§ EXERCISE MATERIALS:
------------------------------------

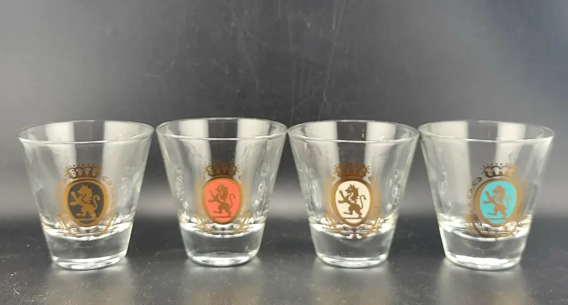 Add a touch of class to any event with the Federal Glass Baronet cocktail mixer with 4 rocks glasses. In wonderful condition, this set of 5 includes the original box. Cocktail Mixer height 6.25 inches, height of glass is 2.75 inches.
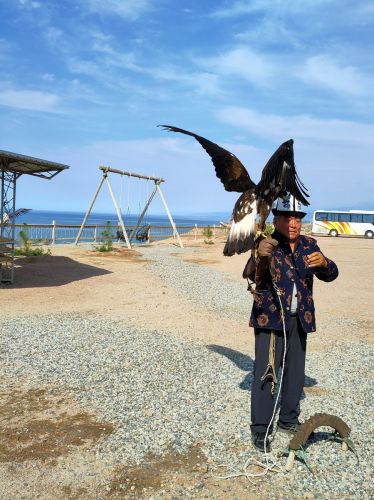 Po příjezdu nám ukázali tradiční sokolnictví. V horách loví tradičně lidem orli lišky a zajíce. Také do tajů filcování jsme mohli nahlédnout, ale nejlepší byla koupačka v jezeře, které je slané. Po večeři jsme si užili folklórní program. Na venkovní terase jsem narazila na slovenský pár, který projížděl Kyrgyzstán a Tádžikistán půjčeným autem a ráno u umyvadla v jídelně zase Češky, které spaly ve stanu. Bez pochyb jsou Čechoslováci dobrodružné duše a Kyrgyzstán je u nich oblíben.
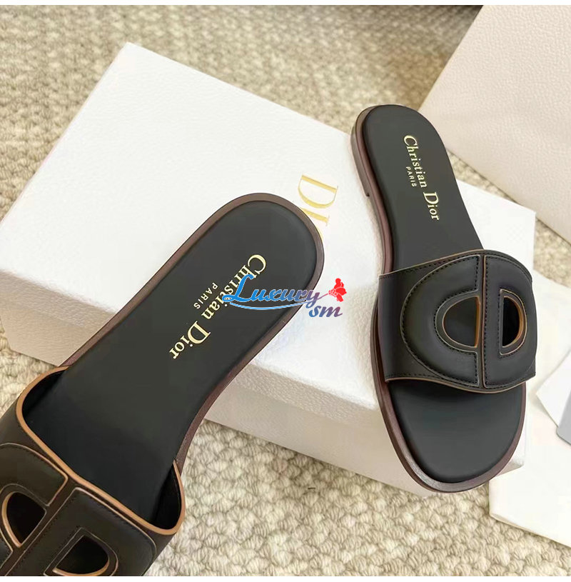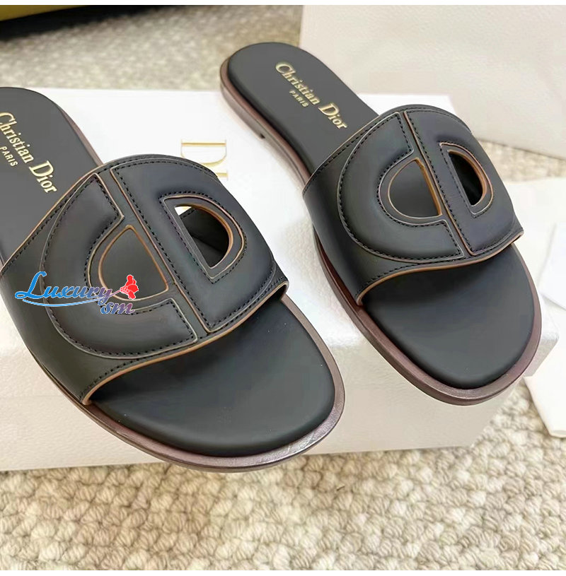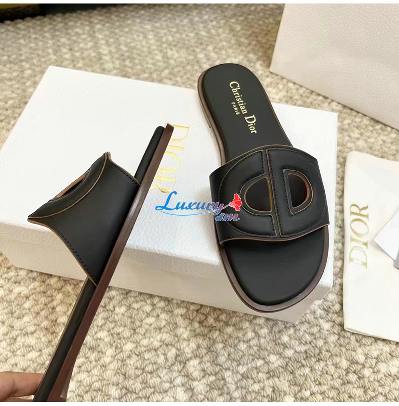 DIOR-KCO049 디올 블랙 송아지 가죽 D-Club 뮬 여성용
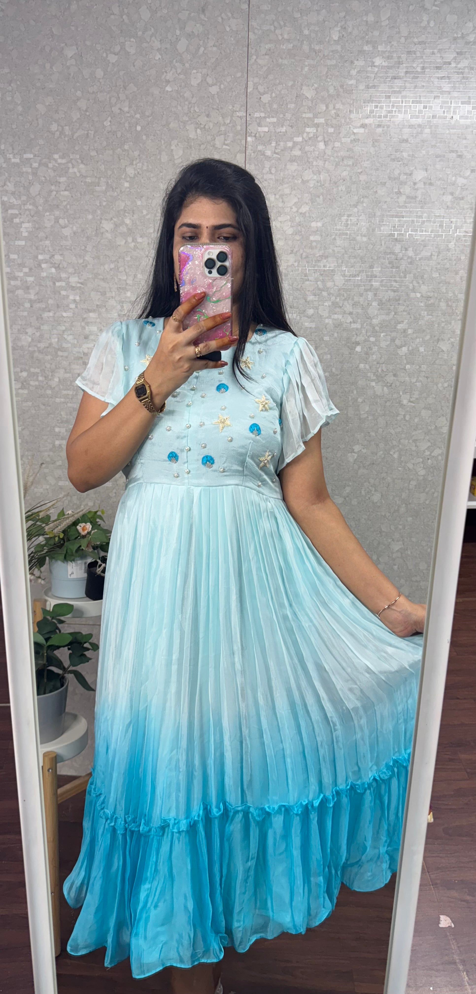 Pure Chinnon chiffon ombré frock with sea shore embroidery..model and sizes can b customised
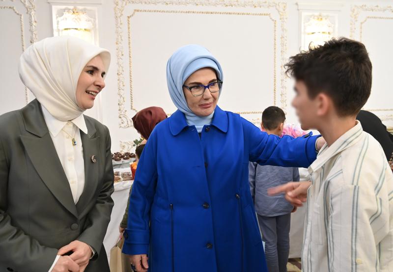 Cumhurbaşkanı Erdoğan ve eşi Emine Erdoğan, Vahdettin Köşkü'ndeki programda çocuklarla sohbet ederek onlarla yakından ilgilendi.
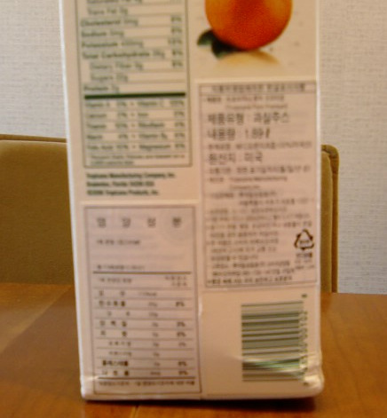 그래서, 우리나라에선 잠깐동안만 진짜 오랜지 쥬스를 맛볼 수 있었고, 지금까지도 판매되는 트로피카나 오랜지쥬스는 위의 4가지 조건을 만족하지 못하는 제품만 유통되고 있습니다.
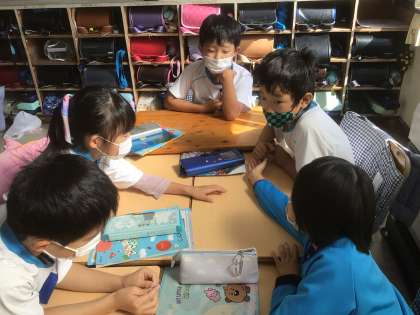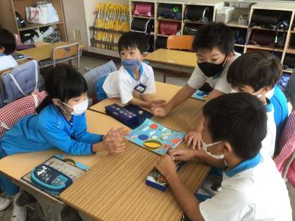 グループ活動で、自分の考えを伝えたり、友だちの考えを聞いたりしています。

------------------------------------

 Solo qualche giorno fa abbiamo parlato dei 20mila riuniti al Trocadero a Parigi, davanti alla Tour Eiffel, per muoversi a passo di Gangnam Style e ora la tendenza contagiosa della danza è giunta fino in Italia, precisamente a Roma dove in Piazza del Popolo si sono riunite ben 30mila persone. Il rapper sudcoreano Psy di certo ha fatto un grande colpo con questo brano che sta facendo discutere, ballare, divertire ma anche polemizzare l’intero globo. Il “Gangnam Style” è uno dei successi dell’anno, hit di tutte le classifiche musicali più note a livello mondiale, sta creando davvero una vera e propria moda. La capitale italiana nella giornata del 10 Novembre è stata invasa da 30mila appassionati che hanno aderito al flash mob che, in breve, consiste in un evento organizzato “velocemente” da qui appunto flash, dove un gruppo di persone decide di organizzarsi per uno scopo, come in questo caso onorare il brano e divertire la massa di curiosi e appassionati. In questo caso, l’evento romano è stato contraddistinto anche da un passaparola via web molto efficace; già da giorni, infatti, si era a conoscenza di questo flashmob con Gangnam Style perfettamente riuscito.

------------------------------------

Leave out every picture, and copy exactly the lines above starting at the one holding "Cumhurbaşkanı Erdoğan ve" and ending at the one holding "グループ活動で、自分の考えを伝えたり、友だちの考えを聞いたりしています。", no more and no less.

 Cumhurbaşkanı Erdoğan ve eşi Emine Erdoğan, Vahdettin Köşkü'ndeki programda çocuklarla sohbet ederek onlarla yakından ilgilendi.
 그래서, 우리나라에선 잠깐동안만 진짜 오랜지 쥬스를 맛볼 수 있었고, 지금까지도 판매되는 트로피카나 오랜지쥬스는 위의 4가지 조건을 만족하지 못하는 제품만 유통되고 있습니다.
 グループ活動で、自分の考えを伝えたり、友だちの考えを聞いたりしています。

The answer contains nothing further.